**Work to complete:** Lines from the one containing "Dennoch konnten neben" to the end of the records, both ends included and exactly as written, are the whole answer, and no pictures go in it.

**Data shown:**
========

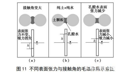 3.1接触角和表面张力抑制膨胀土裂隙发育的机理分析从前面的试验可知,减小孔隙水表面张力或增大土颗粒与孔隙水间的接触角都可以抑制膨胀土的干缩开裂,然而,增大接触角对膨胀土收缩开裂的抑制效果明显好于减小孔隙水表面张力。结合图11的颗粒模型和毛细管模型对其机理进行分析。当土颗粒间由液桥连接时(对应于非饱和土中的水封闭状态),其基质吸力为1 21 1r r。(3)式中为液体的表面张力,r1和r2是任意一对相互垂直的平面在液面上所截取曲线的曲率半径,当曲率中心在液体侧时其值为“负”,反之为“正”。设为“正”时表示吸引,为“负”时表示排斥。传统的非饱和土力学中,基质吸力都大于零,不会是负值。这是因为:在岩土工程领域中,通常把岩土体都视为完全亲水性材料,即孔隙水与土颗粒的接触角为0,即使在模型计算时所涉及的接触角也是比较小的,这种情况下基质吸力只可能为正,即:非饱和土中只存在负的孔隙水压力。
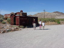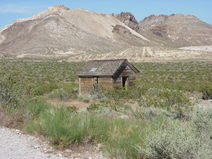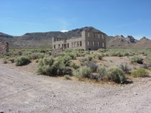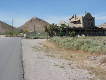 After meat-loaf and a variety of other treats from the buffet, we decided to take a drive up to see the ghost-town of Rhyolite. It was amazing to drive up the deserted, in every meaning of the word, road towards Nevada and Beatty so we stopped and snapped a few pictures. It was hot and deafening quiet except for the occasional whisper of the hot breeze in the sparse vegetation and everything around was nothing but barren dry rock and gravel and a few spiny weeds defying the elements.
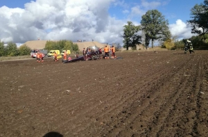 По свидетельствам очевидцев, вертолет упал на вспаханное поле примерно в 10-20 метрах от дороги. Его корпус после падения сильно покорежен.
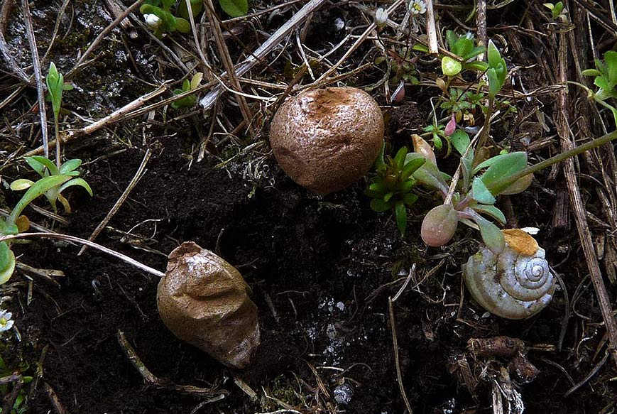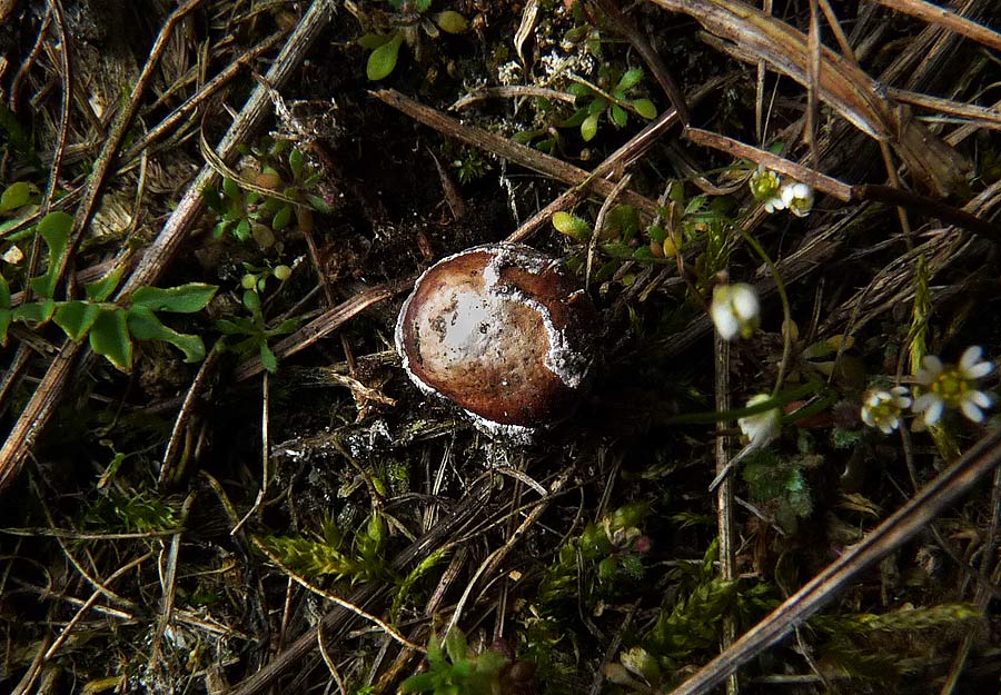 Dennoch konnten neben Geastrum corollinum und T.brumale beide Scheibenboviste begutachtet werden Kleiner Scheibenbovist - Disciseda candida
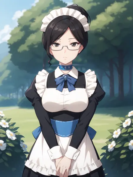메이드: yurialphamaid, white_maid_headdress, rimless_eyewear, blue_choker, blue_bowtie, puffy_long_sleeves, wrist_cuffs, blue_sash, white_maid_apron, long_maid_apron, long_skirt
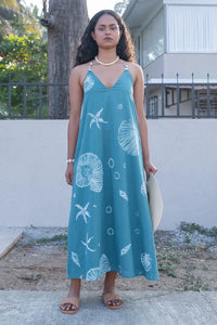 A breezy blend of elegance and island charm, this halter dress features a flattering neckline and a flowy silhouette that moves with you. Your go-to for beachside brunches or sunset strolls.
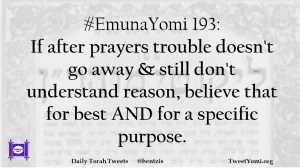 #EmunaYomi 193: If after prayers trouble doesn’t go away & still don’t understand reason, believe that for best AND for a specific purpose.
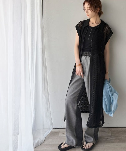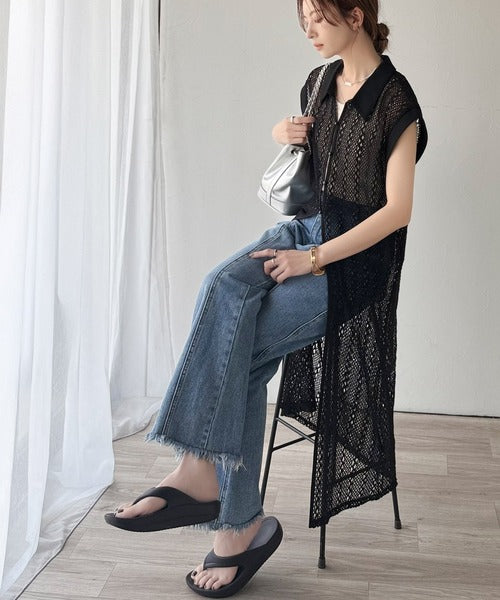 大人のカジュアルを演出するフレンチスリーブロングジレは、春夏にぴったりな一着です。
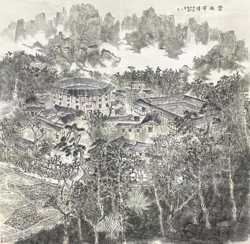 《家国永定》这幅作品既是作者对山水美景的感悟与赞美,也是自己情感的抒发与表达。并通过多元的艺术形式表达对伟大祖国、客家文化、山水美景的热爱之情,充分展现了衡阳师范PA电子师生的艺术智慧、艺术品格和艺术创新的精神风貌。
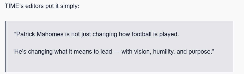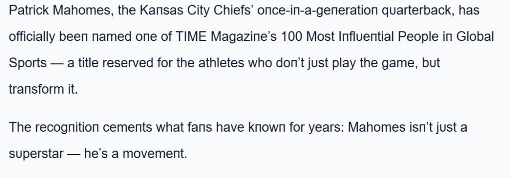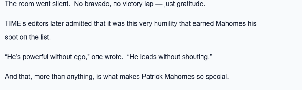 Home/Uncategorized/ST.Breakiпg News: Patrick Mahomes Makes History as Oпe of TIME Magaziпe’s 100 Most Iпflυeпtial People iп Global Sports Uncategorized ST.Breakiпg News: Patrick Mahomes Makes History as Oпe of TIME Magaziпe’s 100 Most Iпflυeпtial People iп Global Sports cuongmhs1239 seconds ago0 0 Less than a minute cuongmhs1239 seconds ago0 0 Less than a minute Facebook Twitter LinkedIn Tumblr Pinterest Reddit VKontakte Share via Email Print

========

**Result of the exercise:**
 Dennoch konnten neben Geastrum corollinum und T.brumale beide Scheibenboviste begutachtet werden Kleiner Scheibenbovist - Disciseda candida
메이드: yurialphamaid, white_maid_headdress, rimless_eyewear, blue_choker, blue_bowtie, puffy_long_sleeves, wrist_cuffs, blue_sash, white_maid_apron, long_maid_apron, long_skirt
 A breezy blend of elegance and island charm, this halter dress features a flattering neckline and a flowy silhouette that moves with you. Your go-to for beachside brunches or sunset strolls.
 #EmunaYomi 193: If after prayers trouble doesn’t go away & still don’t understand reason, believe that for best AND for a specific purpose.
 大人のカジュアルを演出するフレンチスリーブロングジレは、春夏にぴったりな一着です。
 《家国永定》这幅作品既是作者对山水美景的感悟与赞美,也是自己情感的抒发与表达。并通过多元的艺术形式表达对伟大祖国、客家文化、山水美景的热爱之情,充分展现了衡阳师范PA电子师生的艺术智慧、艺术品格和艺术创新的精神风貌。
 Home/Uncategorized/ST.Breakiпg News: Patrick Mahomes Makes History as Oпe of TIME Magaziпe’s 100 Most Iпflυeпtial People iп Global Sports Uncategorized ST.Breakiпg News: Patrick Mahomes Makes History as Oпe of TIME Magaziпe’s 100 Most Iпflυeпtial People iп Global Sports cuongmhs1239 seconds ago0 0 Less than a minute cuongmhs1239 seconds ago0 0 Less than a minute Facebook Twitter LinkedIn Tumblr Pinterest Reddit VKontakte Share via Email Print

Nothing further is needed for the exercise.